The Collective Redress and Digital Fairness Conference, organized by the University of Amsterdam with support from the Stichting Onderzoek Collectieve Actie, provides a forum to examine how collective redress can ensure effective judicial protection against Big Tech’s contested business practices. This two-day event will feature keynote lectures, invited contributions, and selected academic papers addressing the effectiveness of remedies, normative foundations of collective redress, and its role in enforcing digital rights and EU digital law. The conference brings together leading academics, practitioners, and policymakers to bridge theoretical, doctrinal, and practical approaches to these pressing issues.
Event Details
- Wednesday 10 December: 14:00 – 18:30 (followed by drinks)
- Thursday 11 December: 09:00 – 12:30
- Location: University of Amsterdam, Roeterseilandcampus (De Brug)
Theme and Key Questions
The conference examines how collective redress can advance digital fairness across the EU’s rapidly evolving regulatory landscape. With keynote lectures by Ignacio Cofone (University of Oxford) on privacy harms and collective redress, and Stefaan Voet (KU Leuven) on the challenges of collective redress in the digital economy, the programme addresses a wide spectrum of issues raised by scholars and practitioners. Contributions span diverse perspectives—procedural, substantive, theoretical, doctrinal, and empirical—at national, EU, and transnational levels.
The academic discussions are structured around three panels:
- The role and place of collective action – exploring democratic legitimacy, the relationship between philanthropy and public interest litigators, and strategic litigation on data protection and content moderation.

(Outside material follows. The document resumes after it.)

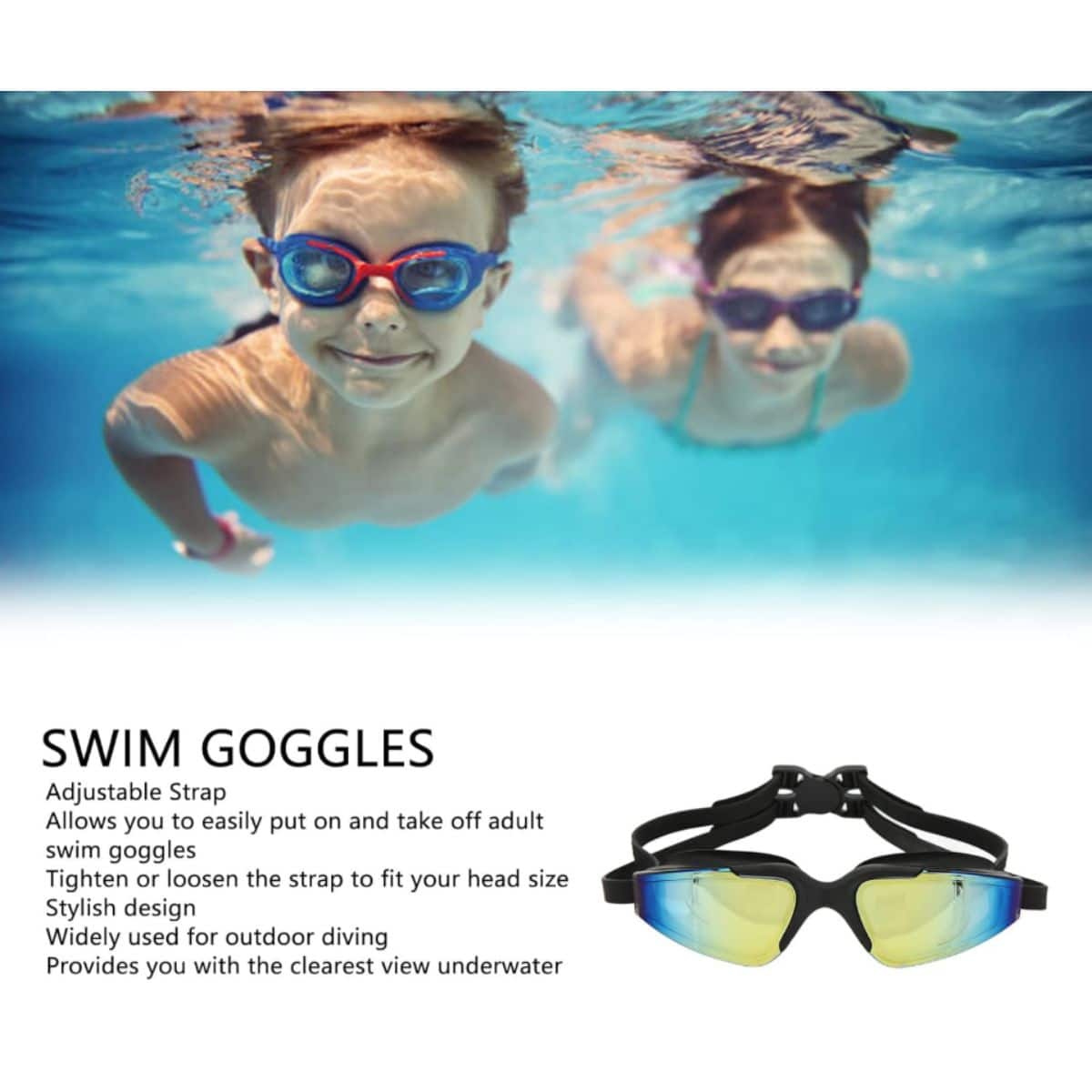Swim goggles by TOPINCN offer a wide view and adjustable back strap for comfort. Ideal for clear underwater vision during outdoor diving.

- Groups and representation – addressing the protection of minors, vulnerable groups, and collective claims under the GDPR, the Digital Markets Act, and the AI Act.
- Remedies and redress – focusing on damages quantification, the development of collective settlements across jurisdictions, and the prospects for redress of data-driven harms.
Together, these panels raise fundamental questions about the role of collective litigation in protecting digital rights, its effectiveness across jurisdictions, and its interaction with public enforcement and private law principles.